I don't think it was a coincidence that I picked that book instead. It's so amazing how God uses things in our lives to help us. What an awesome God.

My sweet Noah,

Today we celebrated Christmas. We missed you being here. I bet you are having so much fun celebrating WITH Jesus. I LOVED the snowman napkin holder you made me at Home Depot with Daddy. You did a great job! I'm so proud of you. I remember when you told me a few months ago that you were going to buy me some mixing bowls for Christmas. I love those, too. Thank you. 

I love you so much Noah. 

Merry Christmas,

Mom

This picture was taken last Christmas. He brings me great joy.

Friday, December 21, 2012

Heaven

It has been four years since I've updated this blog, but I feel I owe it to Noah to write more about his story.
Matthew 19:14 Jesus said, “Let the little children come to me, and do not hinder them, for the kingdom of heaven belongs to such as these.”

Three weeks and one day ago, November 29th, 2012, our son Noah John went to sleep on earth and woke up in the presence of Jesus.
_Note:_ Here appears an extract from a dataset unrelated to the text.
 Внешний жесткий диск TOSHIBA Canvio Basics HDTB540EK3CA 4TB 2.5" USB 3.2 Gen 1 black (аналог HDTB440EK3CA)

It is very painful to type those words and admit that I will no longer look into those beautiful brown eyes for as long as I am here on earth. We do not know why he didn't wake up, yet. We won't know for a few more months.

If I could write a letter to my Noah, here's a bit of what I would say:

My joyful and sweet son,

Always always remember this; Mommy will love you forever. When I say forever, I mean even in Heaven when I will see your face again. You brought, and will always bring, me great joy. You touched SO many lives while you were here for 5 short years. Mom, Dad, Theo, Grandma, Grandpa, aunts, uncles, and LOTS of friends miss you so much. We all wish we could see just how much fun you are having in Heaven. What is Jesus like? What are you doing? Are you telling your quacker box joke? Are you drawing pictures? I have kept all of your drawings you made for me and will cherish them forever. My favorite one is the card you made me a couple of months ago when I was sick. You wrote "I love you Mom" and "have a happy day!" It's hanging on the refrigerator and I see it every day. I will try to have a happy day, just thinking about how happy you made me.
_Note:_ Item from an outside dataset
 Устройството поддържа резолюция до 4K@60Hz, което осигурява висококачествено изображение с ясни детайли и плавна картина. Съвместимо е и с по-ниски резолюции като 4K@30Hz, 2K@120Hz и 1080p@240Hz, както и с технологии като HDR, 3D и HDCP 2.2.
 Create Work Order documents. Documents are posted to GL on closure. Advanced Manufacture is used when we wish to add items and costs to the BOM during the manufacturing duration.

Some things I will remember about you:
The sound you of you saying, "mommy!" when I walked in the door, followed by a great big hug.

Your jokes and carefree spirit.

Your love for babies and other kids. You were a great friend to your peers.

Your love to draw and create things.

Your love to pray. You always prayed for others.

Your creative imagination. You were happy to play with anything.

There are many things that I will remember about you. I will continue to write them down so I can look back on them and never forget.

I love you so much my son, Mommy

I have good days and bad days. I know it has only been 3 weeks. Sometimes I just ask, God, "why?" Why did He think that we could handle this? Why did he save our son when he was born, after the doctors told us he would not live, just to take him away 5 years later? I will continue to ask why and hopefully receive some peace about it. Those 5 years that God gave us were full of love and so much joy because of Noah. If God could only give us 5 years, I will be thankful for those. I will continue to seek joy. This doesn't mean I will not be sad. My pastor said it best when he said, "Joy is not the absence of pain, it is the presence of God." Anne Graham Lotz says, "God is bigger than our suffering. We can have HOPE as we place our trust in Him-in His faithfulness and in His ability to work out in our lives His purposes that will be for our ultimate good and His eternal glory." I will hold on to this hope.